In 2022, a new species Paramachaerodus yingliangi was proposed based on fossils from northeastern China; the same paper also proposed separating Paramachaerodus schlosseri as the new type species and moving P. orientalis and P. maximiliani to the resurrected genus Pontosmilus.

==Classification==
The position of Paramachaerodus within the Machairodontinae has been subject to much controversy, partially because many names have historically been proposed for it based on only scanty material. While Paramachaerodus is generally accepted as a close relative and probable forerunner of Megantereon and therefore an ancestor of Smilodon, the role Promegantereon played in this is still controversial. While researchers have generally favoured the classification of Promegantereon as a distinct genus starting in the early 2000's, it was still thought to be a close relative and potential ancestor of Paramachaerodus. Thus, Paramachaerodus' position within the Smilodontini was generally understood as intermediate, with Promegantereon as the first and Smilodon as the ultimate representative of that machairodontine tribe.
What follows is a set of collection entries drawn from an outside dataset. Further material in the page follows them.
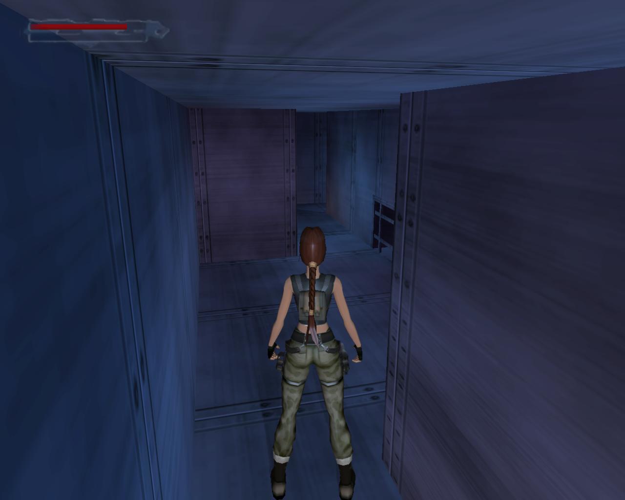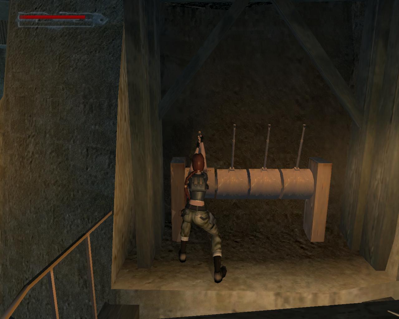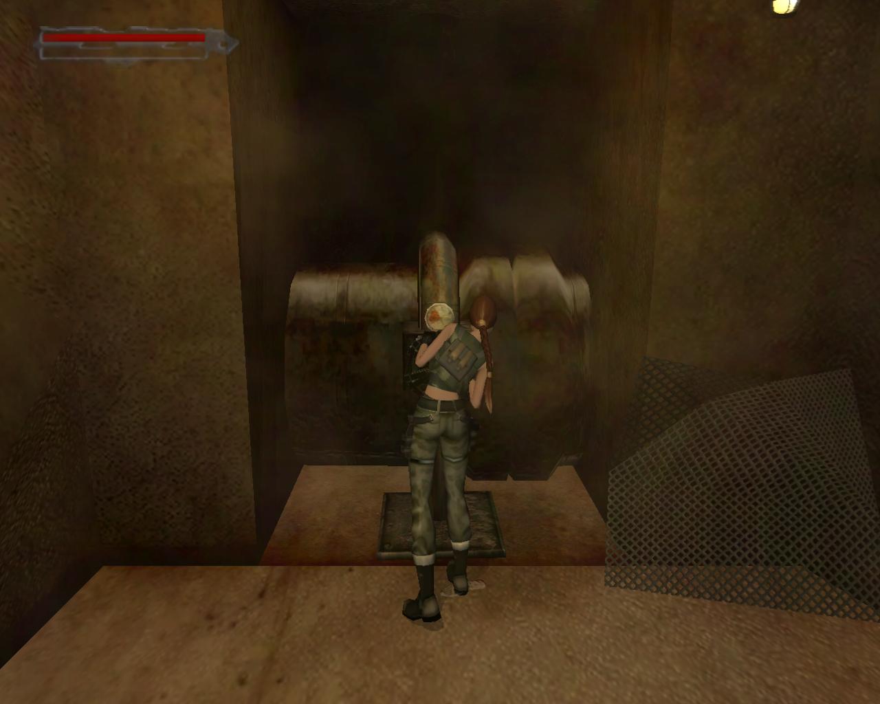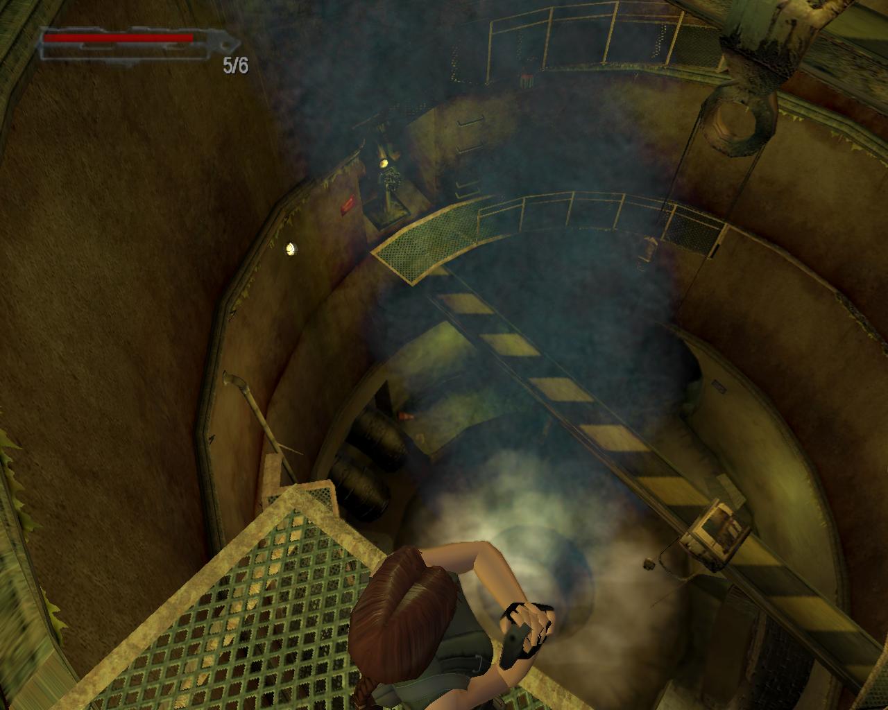 Nézz fel. A fejed fölött egy cso húzódik. Fordulj balra, ugorj fel, kapd el a csövet, és kezdj el függeszkedni. Félúton ess le a sárga-fekete hídra. Fordulj balra, és sétálj végig a hídon. A végénél egy szelep van. Ezt elforgatva már csak egy piros lámpa marad, a többi zöld. Sétálj vissza a híd közepére, pontosan a cso alá, és fordulj balra. Ugorj fel, kapaszkodj meg bent, majd fügeszkedj át a szemközti platform fölé. Ess le rá. Balra van egy leszakadt platform, amin fel tudsz mászni. Larának még az sem okoz gondot, hogy a teteje kijebb van, mint az alja. Felérve fuss körbe balra. (A fejed feletti platformra a létra helyénél felugorva tudsz felkapaszkodni). Jobbra lesz egy vastag cso a falban, egy ugyanolyan, mint amibol a víz folyik az eredeti gyujtocsatornában, ahonnan jöttél. Azonban itt nincs víz. A cso egy fémráccsal le van zárva. Sétálj tovább a platform végéhez. Lara így szól:
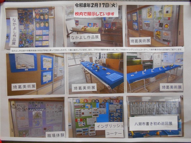 令和8年2月17日(火) 公開日 2026/02/17 更新日 2026/02/17 今日の八條中学校 校内で展示しています なかよし作品展や埼葛美術展の作品が学校に帰ってきましたので、1階に展示しています。また、2年生の職場体験まとめ、ALT作成のイングリッシュコーナー、八潮市書き初め巡回展もご紹介します。
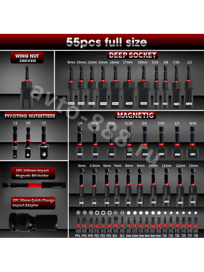 Набор ударных торцевых головок и бит для шуруповерта 55 предметов FR-14594 avto-888.ru
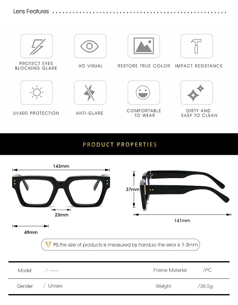 | Lens color | Bright black frame transparent film,Black frame transparent flower leg film,Tortoiseshell framed transparent sheet,Orange frame transparent film,Tea frame transparent sheet,White frame transparent film |
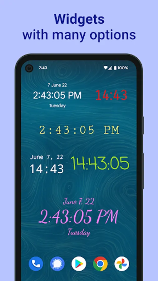• switch between local time and UTC, 24-hour and 12-hour clock

However, a 2022 phylogenetic analysis by Jiangzuo et al. cast doubt on this, and indeed on the monophyly of Paramachaerodus itself. While it confirmed P. orientalis as basal to the Megantereon-Smilodon clade (the Smilodontini sensu stricto) as proposed earlier, P. maxilmiliani was instead found to be basal to a clade comprising Rhizosmilodon and Dinofelis. At the same time, Promegantereon and Paramachaerodus transasiaticus were found to group together with Metailurus and Yoshi, which are usually placed in the separate Metailurini tribe. This would make Paramachaerodus, the Smilodontini and the Metailurini as traditionally definded polyphyletic, and calls for more work regarding machairodontine systematics, suggesting that a major revision of the subfamily may be needed.

==Paleobiology==
Based on the morphology of its humerus, P. orientalis is inferred to have been adapted for wooded environments.